A minha grande pergunta para os quadrinhos em 2022 – e acho que não só minha – era: o mercado ia desacelerar depois da pandemia?
Em 2020 e 2021, o mercado de distrações engordou porque as pessoas precisavam matar o tédio de ficar em casa. As vendas de quadrinho, uma dessas distrações, cresceram muito, mas muito em vários países. A pandemia não acabou de vez, mas começamos a ver a rua com mais frequência e a tendência era de que aquele consumo de distrações iria cair.
Qual vai ser o papo dos quadrinhos em 2023? Eu tenho um medo sério do preço do papel e do quanto isso vai impactar o mercado nesse ano. Não é um problema só brasileiro, mas que é agravado pela crise econômica brasileira.

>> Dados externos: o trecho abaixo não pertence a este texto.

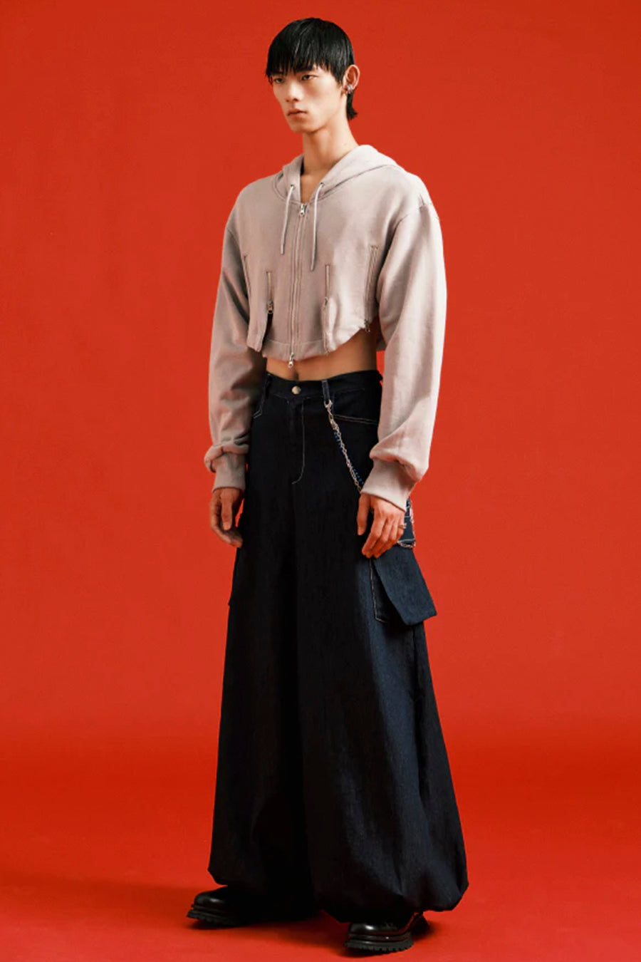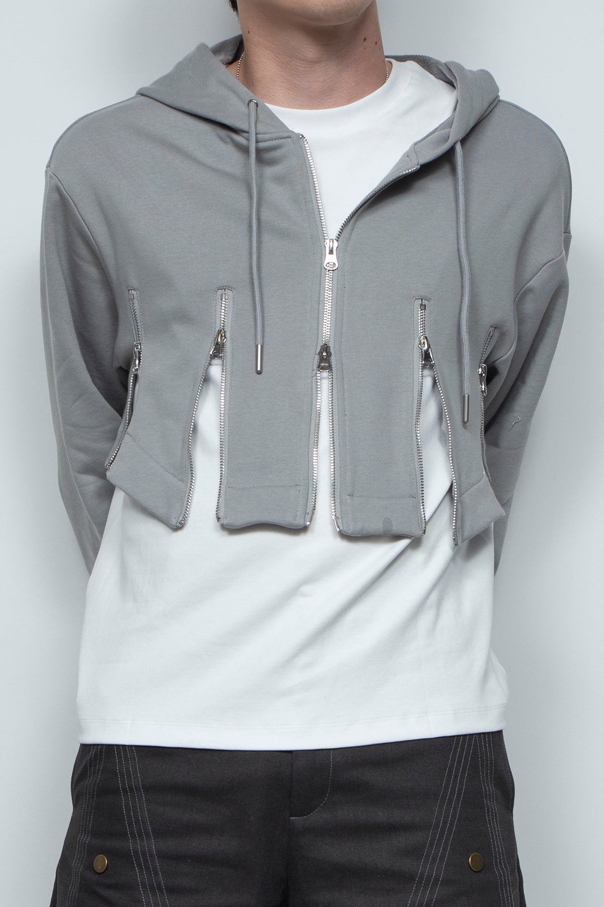前見頃にジッパーを5つ配したショート丈スウェットフーディー。メインの中央部分はダブルジップ仕様。
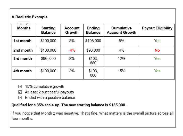 | Positive Balance | Your account must end the 4-month period in profit. You can’t scale up while you’re in drawdown. |
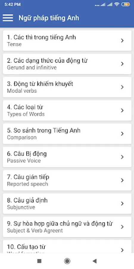 English grammar - Application helps you look up English grammar quickly on your phone.
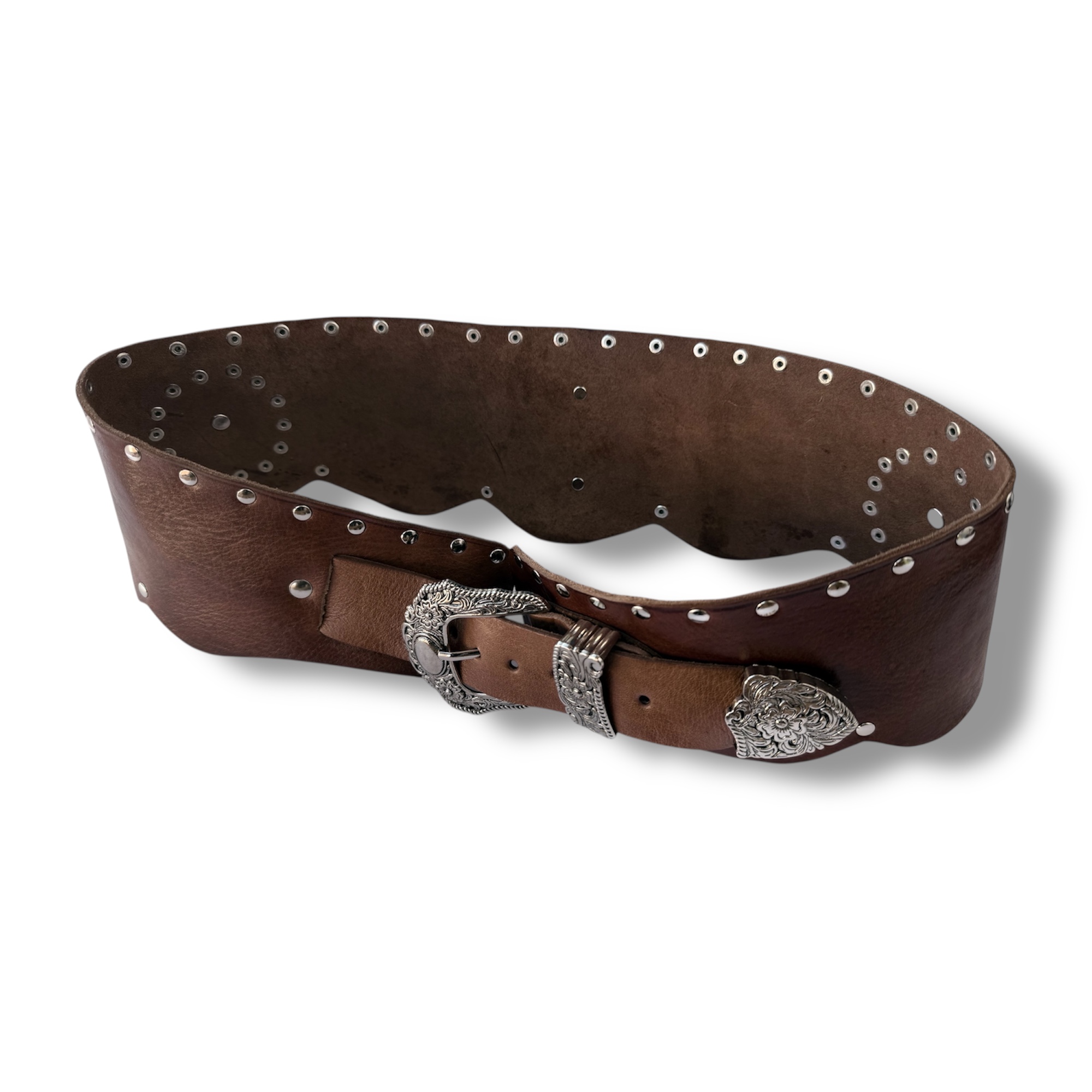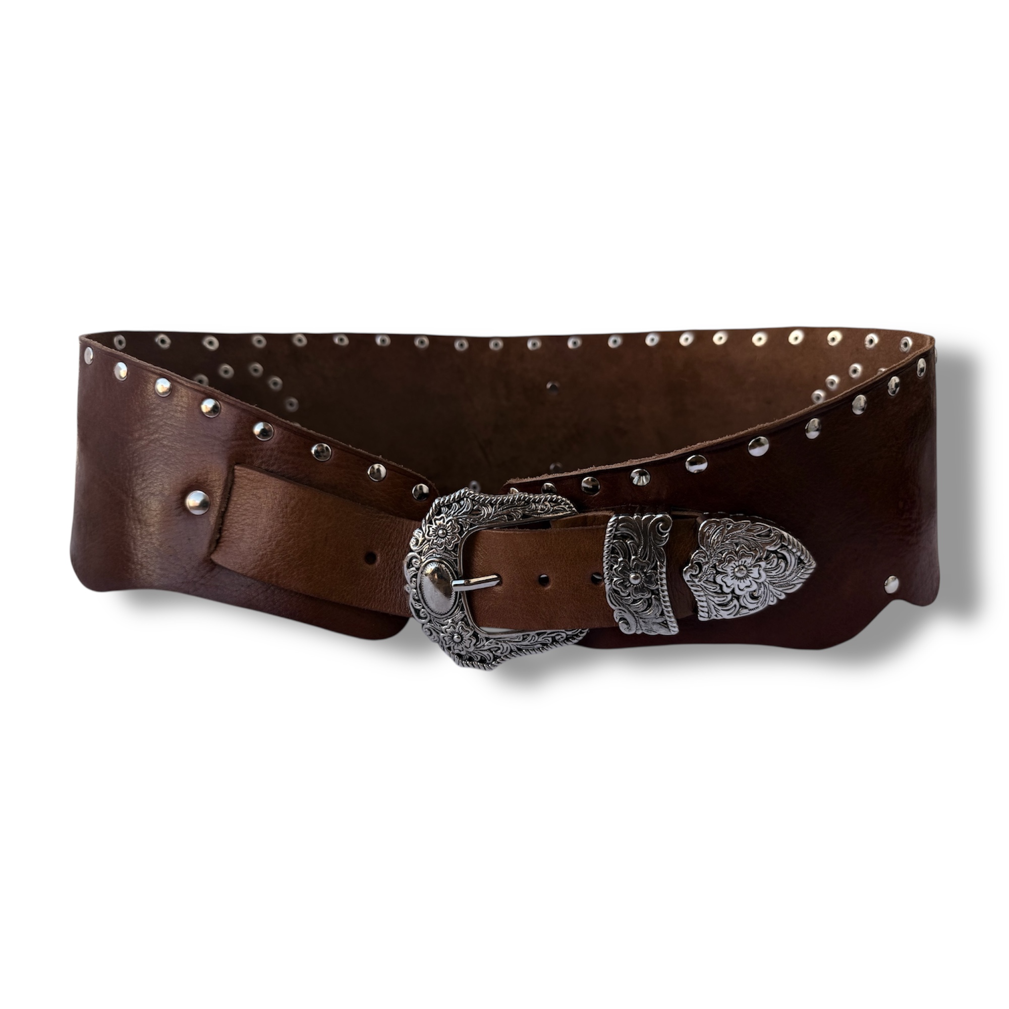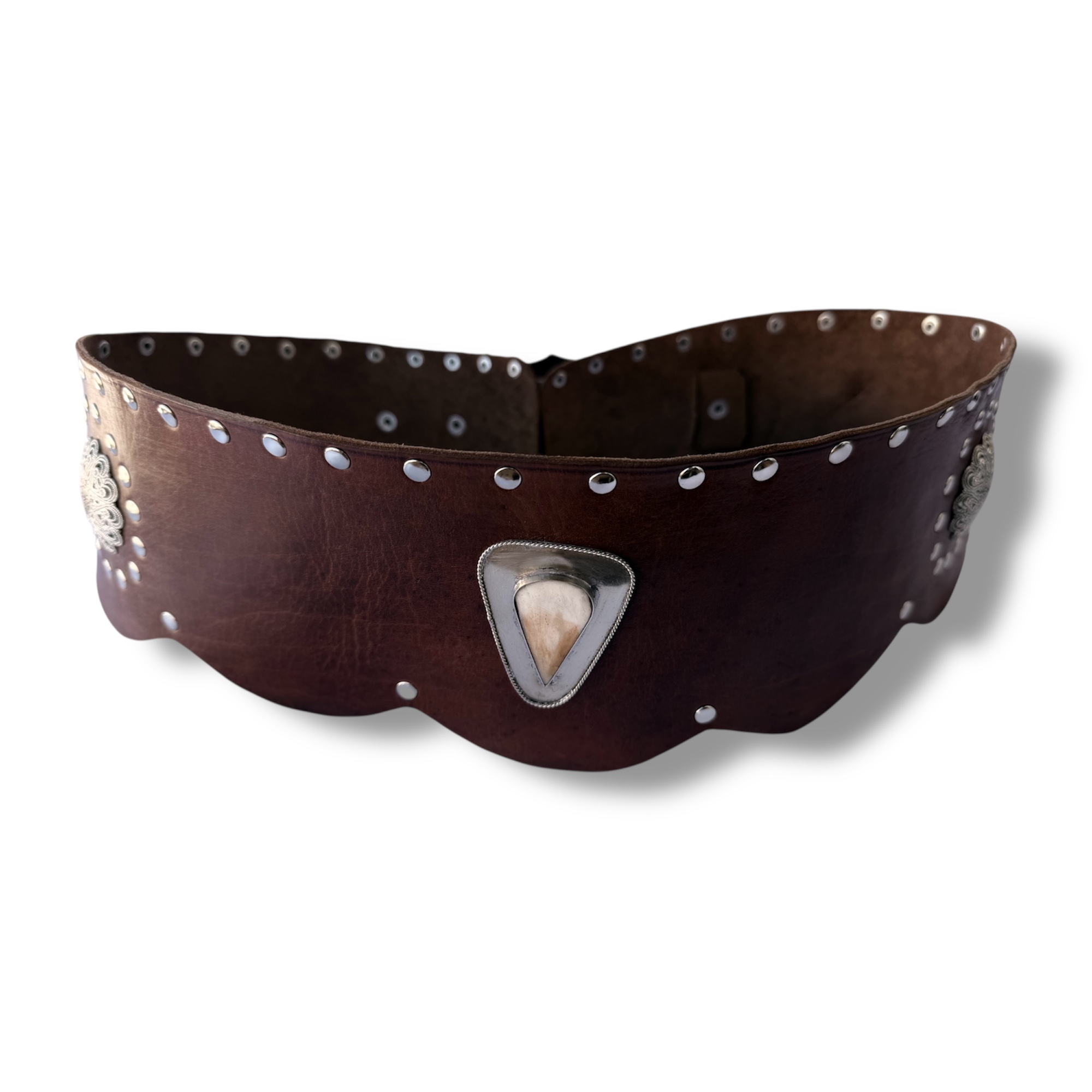 Fajín ancho, Cinturón de cuero con remaches estilo bohemio. Con decoración de remaches y chapa de alpaca con asta en forma de gota. Cada un de ellos están fabricado todo a mano.

O papo perene sobre o preço do gibi continuou vivo, com bons motivos, em 2022. Se sua referência de gibi barato for Mônica, o gibi da Mônica chegou a R$ 9,90 no ano passado. Nenhum dos noventa e quatro gibis do Batman custou menos de R$ 14,90. A Morte e o Retorno do Superman Omnibus bateu o recorde histórico de preço de capa a R$ 599.
“O gibi indie de R$ 15 agora está por R$ 25”, como ouvi na CCXP. Graphic novels que custam entre R$ 100 e 200 deixaram de assustar e viraram parte da paisagem. Também virou normal você consultar o saldo e decidir que não vai comprar a graphic novel de R$ 100 e bolinha. É possível que o preço dos gibis faça você desistir de mais compras em 2023.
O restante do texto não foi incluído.